Do you think the boards will hold or just fry off? Continue reading to find out.
Why the Edge Device Cluster for Running VLMs?
It is the best way to test various models before deciding to deploy in real-world scenario. A cluster can be customized as much as you can imagine. And it’s fun and exciting to build one. So, why not? Following are a few advantages of building a custom Raspberry Pi and Jetson Nano cluster.

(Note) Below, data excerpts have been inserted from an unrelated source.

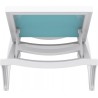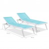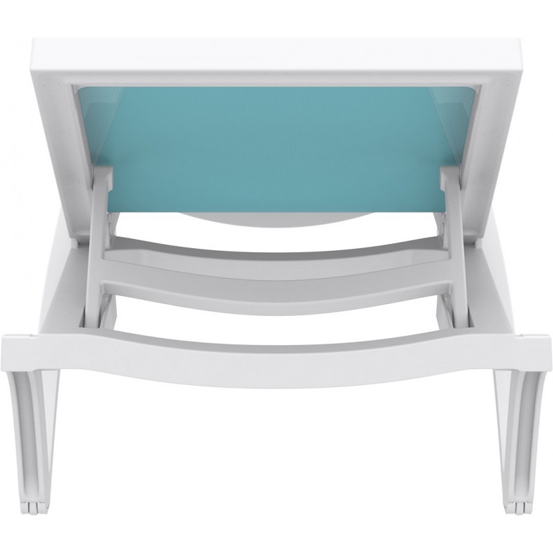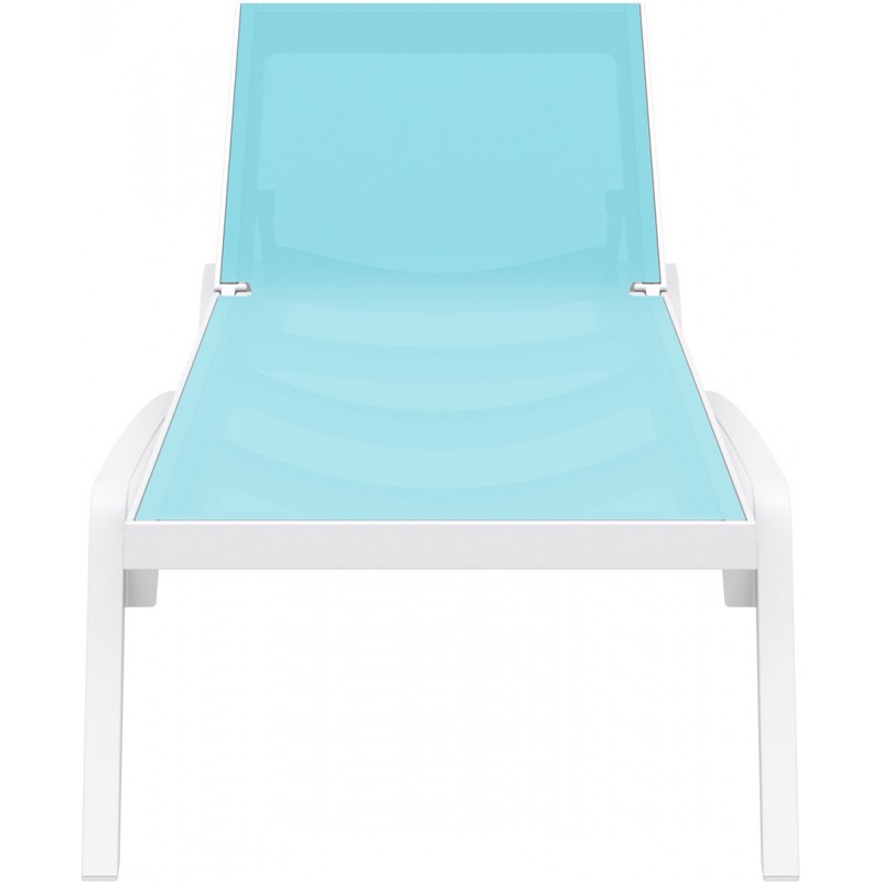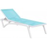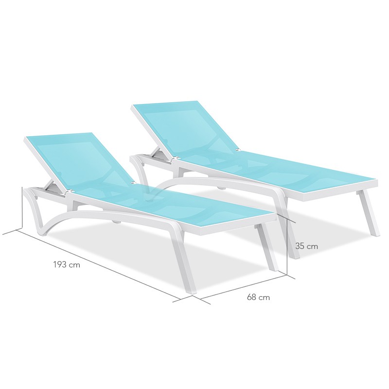 Ces transats sans accoudoirs sont conçus avec une structure tubulaire en résine renforcée de fibre de verre et revêtement en tissu synthétique respirant (remplaçable). Ces transats sont empilable, et le dossier est inclinable en 5 positions, avec pieds antidérapants et petites roues pour pouvoir le déplacer facilement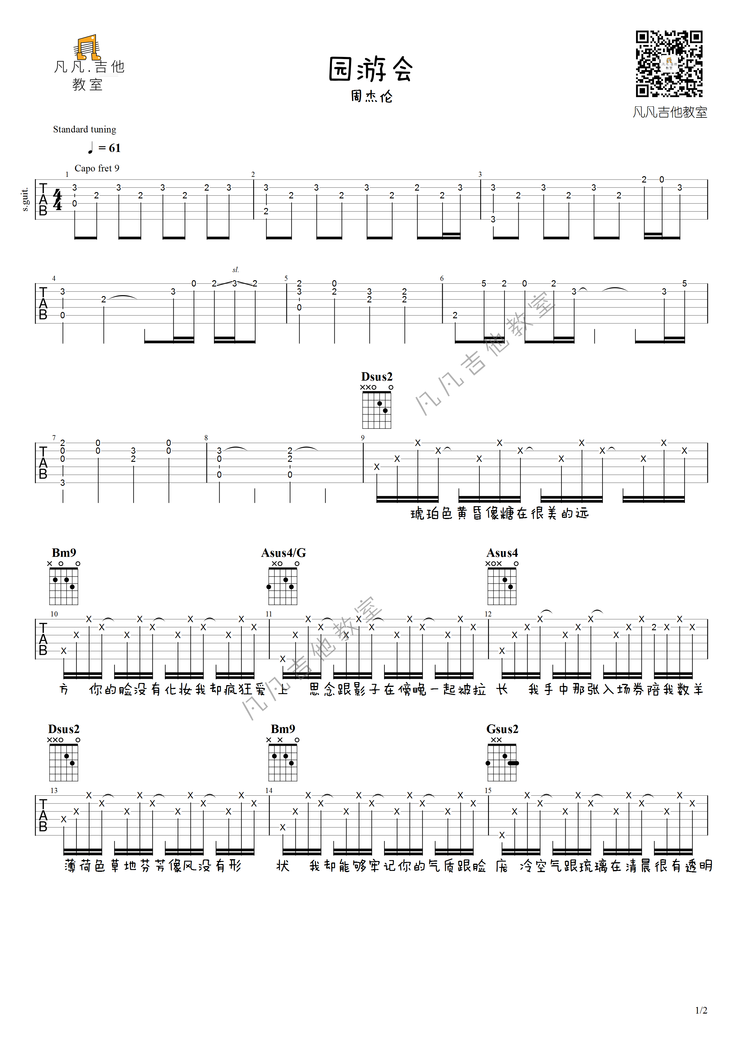 曲谱介绍: 周杰伦《园游会》吉他弹唱谱,共有2张高清图谱,免翻页排版设计。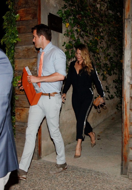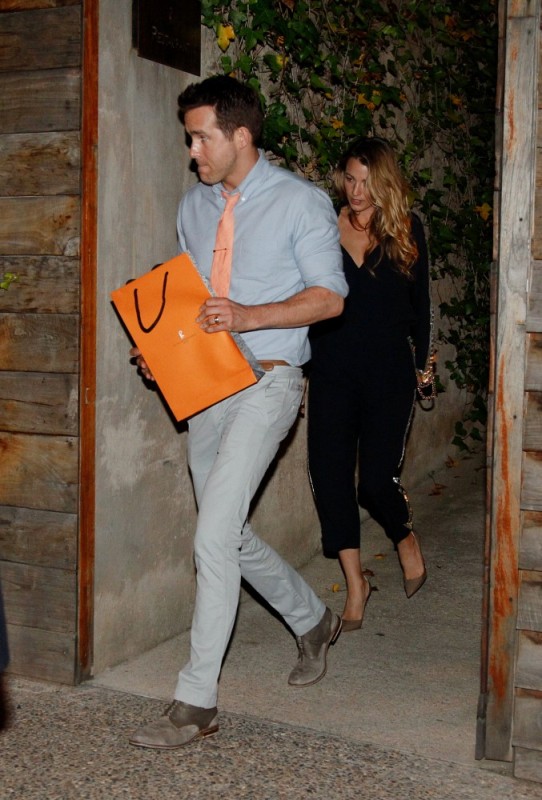 Ryan Reynolds and Blake Lively have spent the last couple of months in Europe as he’s been shooting a movie. He is now currently promoting The Croods. They were in Barcelona yesterday. Blake wasn’t at the premiere, but met up with her husband afterwards for dinner. She wore a black jumpsuit with a sparkly side-trim and puke coloured shoes similar to Kristen Wiig’s last week. In Blake’s case they’re much less offensive since they dress down the outfit for the occasion. It’s not like she was on a carpet.

- Single switch and ethernet connectivity
- Easy to monitor and manage
- Clean and minimal setup
- Scalable architecture
- Perfect for experiments
Since we are a little extra – we will customize it further by 3d printing cases, standoffs, supports, ports etc. We will discuss how we have set up full build with health checkup tools in another post soon.

Setup for Inferencing VLM on Edge Devices
There are many models who claim to be efficiently running on edge devices with RAM as low as 2GB. All will be tested eventually. For the scope of our blog post, we chose Moondream2, and Qwen2.5VL.
We will access all the boards remotely using SSH from a PC. This allows side by side comparison of the devices. To download and manage models locally, we will use Ollama. It pull 4 bit quantized models by deault. The models will be loaded without further quantization.
The master control device – the PC in our case has a GitHub repository containing the scripts and tests images. Any required changes is made here, and pulled on to the edge devices as needed. After setting up environments – it’s all about running the script with inputs.

1.1 What is Ollama?
Ollama is a lightweight, cross platform framework to download, run, and manage VLMs (and LLMs) directly in a local device. It offers CLI interface, GUI (for windows only as of Sept, 2025), and most importantly – a python SDK. The python client library is available in PyPi. It wraps the local HTTP API of Ollama which interacts with the python environment directly.
Ollama has its own curated library from which models can be downloaded. The models are in GGUF + Modelfile format. GGUF – GPT Generated Unified Format and Modelfile is similar to a requirements.txt file containing instructions for the model. Maintaining the requirements, you can also use your own models in Ollama.
1.2 Install Ollama on Devices
Go ahead and install Ollama in your system. It is available for Windows, Linux, and Mac on the official site. Note that the python client has to be installed from PyPi separately in your environment using command pip install ollama
. We have installed Ollama in all the boards in the same manner.
Vision Language Model Evaluation
Evaluating a VLM is a bit more complex that that of an unimodal (just vision or just language). They have to be good at both perception and reasoning across modalities. Here, the methods are task specific. We have simplified our tests and comparisons across the following tasks from a broader perspective.
(i). Image Captioning: It is the task of generating a natural language sentence that describes the overall content of the image.
- Output: A sentence or a paragraph.
- Focus: Global understanding, generalization.
(ii). Visual Question Answering (VQA): It is about answering a question in natural language about the image. The output can be a single number, word, sentence, or a paragraph.
(iii). Visual Grounding: The model’s ability to identify and localize objects in an image. The output can be a sentence describing position, bounding box coordinates, or mask of an object.
(iv). Image Text Retrieval: As the name suggests, it’s the ability of a model to comprehend texts from an image.
Note: There are many more tasks such as Cross Modal Retrieval, Compositional and Logical Reasoning, Video Understanding for Temporal Reasoning etc. Each task has various extensive datasets. There are quite a few research papers and benchmarks to evaluate Vision Language Models. We will publish another article discussing model evaluation in details.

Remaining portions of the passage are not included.